Overall then, the question arises of what this implies for the surface material of 67P. Our best-fit model reinforces the idea that southern rocky terrain is composed of relatively pristine, volatile-rich material (see e.g. Cambianica et al. 2020; Herny et al. 2021; Davidsson et al. 2022) that produces a high water-outgassing rate with a very steep increasing response to insolation. This may be similar to the water enhanced blocks (WEBs) composed of pebbles (as proposed by Fulle et al. 2019, 2020; and Ciarniello et al. 2021, 2023), or may reflect an enhancement in outgassing from a more deeply penetrating heat-wave due to the constant illumination of polar day (Skorov et al. 2020). This latter suggestion is tentatively supported by the fact that southern rocky terrain must also have a relatively large momentum transfer coefficient, especially in solution 1 (i.e. a sublimation that is very collimated, possibly because it happens at a deep level or is otherwise efficiently channelled). In our preferred solution 2, however, northern dust has an even higher momentum transfer, which complicates this interpretation. The general improvement to the fits using an insolation dependent momentum transfer, as described by Eq. (2), implies a correlation between increasing solar input and increasing gas temperature that is greater than the simple energy balance model. This enhancement is less pronounced in the Fulle et al. (2020) model, due to its lower surface temperatures compared to a pure dust surface. Surfaces that are smooth on a local scale might also be expected to have a higher momentum transfer overall than rough surfaces, where parts of the gas flow will cancel out. This would suggest higher η in the smooth dusty plains, which is seen in solution 2, but not in solution 1. On the other hand, rough surfaces may be hotter than smooth ones, depending on the scale of the roughness. Outgassing speed, mass, and momentum flux are clearly coupled to the material structure and surface shape in a complex way that requires further thermophysical modelling to disentangle.

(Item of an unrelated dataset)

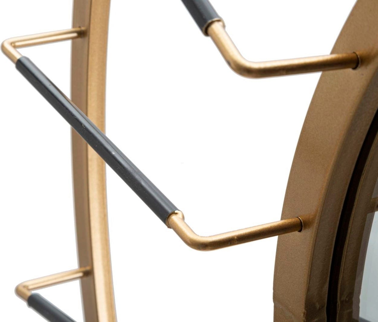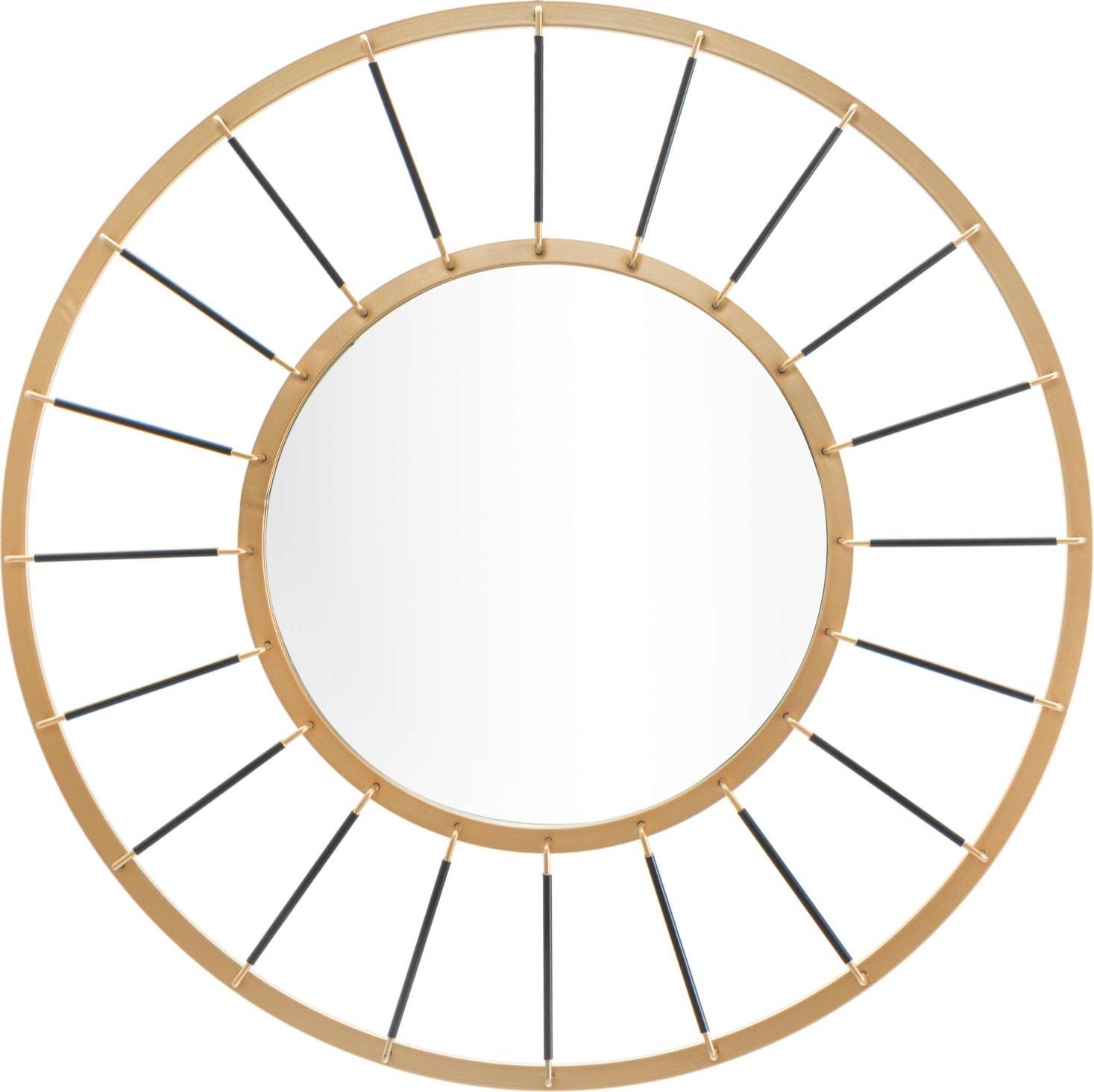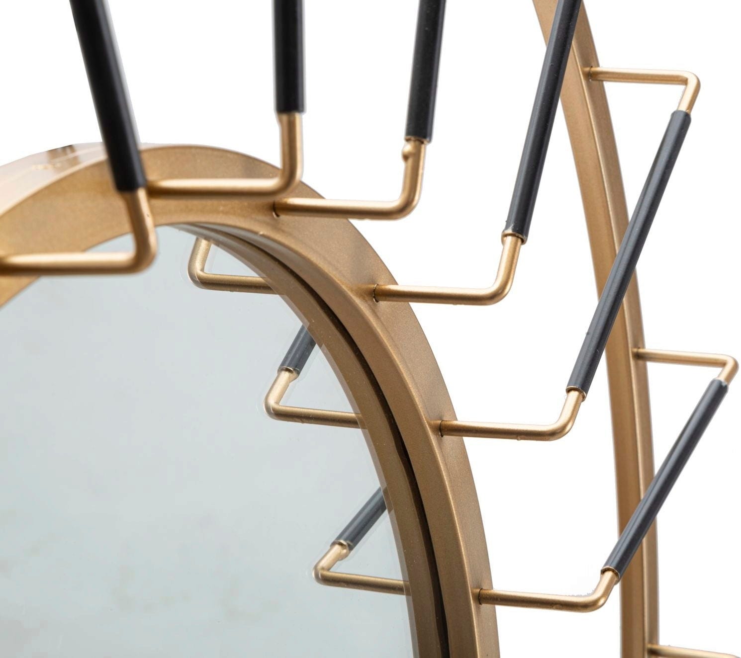 S stenskim ogledalom Glam Dark znamke Mauro Ferretti lahko na steno postavite pravi dizajnerski kos, ki navdušuje s prefinjenim prepletanjem barv in oblik. Eleganten dvojni okvir v zlati barvi je popolno ozadje za linearne črne kovinske prečke, ki se kot drobni žarki usmerjajo v sredino in dajejo ogledalu izjemno dinamiko.

North-facing rocky terrains, although similar in visual appearance, behave differently to south-facing ones, with much lower peak outgassing and momentum transfer. In our solution 1, peak EAF for north-facing rock is similar to that of south-facing dust, whereas solution 2 prefers no outgassing at all from the former region. Both solutions agree, however, that this terrain produces less outgassing than south-facing rock. This may reflect differing thermal histories in near-vertical cliffs versus flat plains in the northern and southern hemispheres, respectively, or it may represent a structural or compositional difference. In the latter case, cliffs such as those in Geb would have different properties to nearby areas on both lobes such as Neith, Wosret, and Bes, while parts of Anhur differed from one another. It is difficult to further constrain these differences with the available data, however, while outgassing and other Rosetta measurements generally do not suggest such sharp compositional distinctions (see e.g. Läuter et al. 2020; Pätzold et al. 2016; Groussin et al. 2019).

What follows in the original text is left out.